→ SUPPLIED INFORMATION:
== Segment start ==

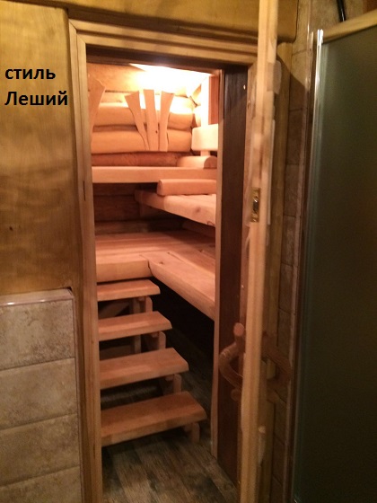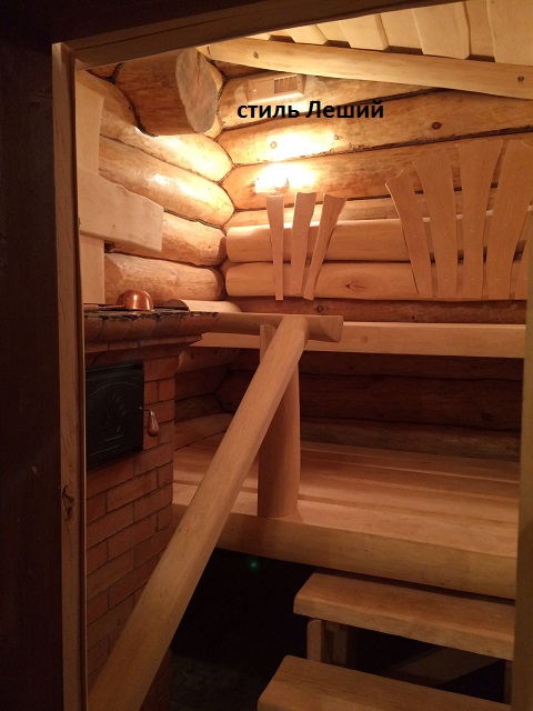 Вот еще одна банька в стиле Лешем. С высоким(диагональным) потолком 3,9 и 2,7м (по диагонали). Объем, стояла задача сохранить.
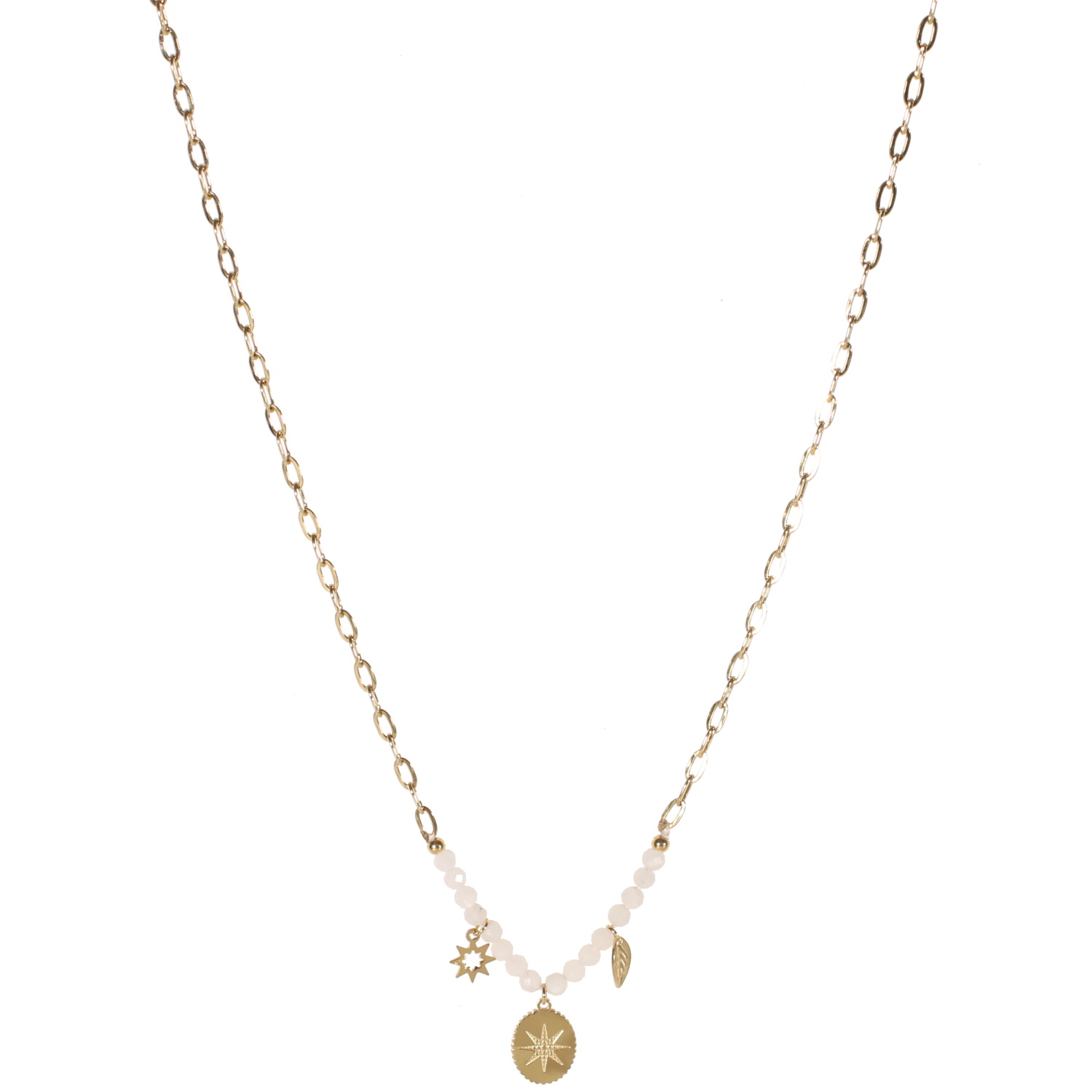 Description Collier composé d'une chaîne avec pendants étoile et feuille et pastille ovale avec motif d'étoile en acier doré et des perles de couleur blanche. Fermoir mousqueton avec 5 cm de rallonge. Cliquez sur une matière, un thème, une couleur ou une collection pour voir tous les articles associés.
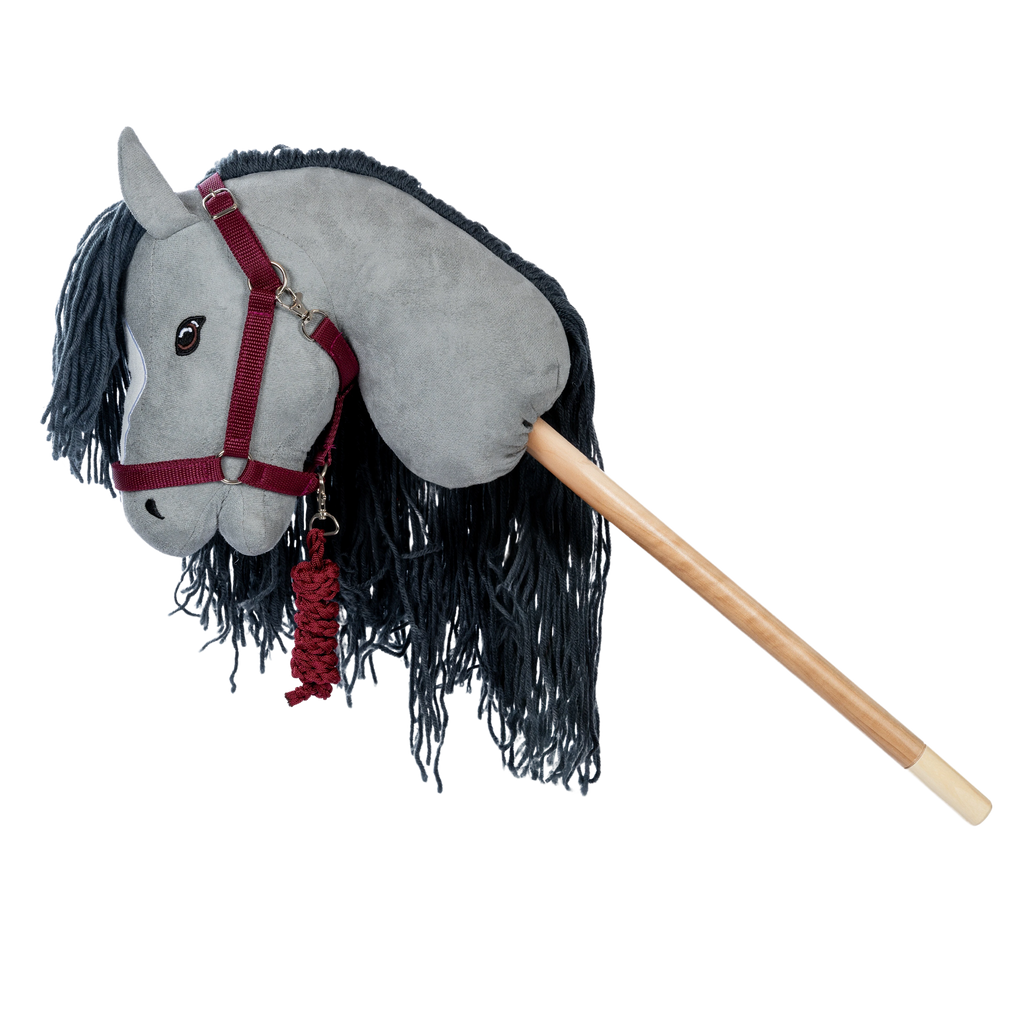 Inspireret af rigtige hestegrimer kombinerer dette sæt stil og funktionalitet. Det justerbare nakkebånd sikrer, at grimen kan tilpasses til de fleste kæpheste, uanset størrelse eller race, så den sidder perfekt på netop din kæphest.

== Segment end ==

→ ASSIGNED TASK: The reply should consist only of the lines from the top of the material above through the line with "Description Collier composé", printed exactly, pictures omitted.

→ REPLY:
 Вот еще одна банька в стиле Лешем. С высоким(диагональным) потолком 3,9 и 2,7м (по диагонали). Объем, стояла задача сохранить.
 Description Collier composé d'une chaîne avec pendants étoile et feuille et pastille ovale avec motif d'étoile en acier doré et des perles de couleur blanche. Fermoir mousqueton avec 5 cm de rallonge. Cliquez sur une matière, un thème, une couleur ou une collection pour voir tous les articles associés.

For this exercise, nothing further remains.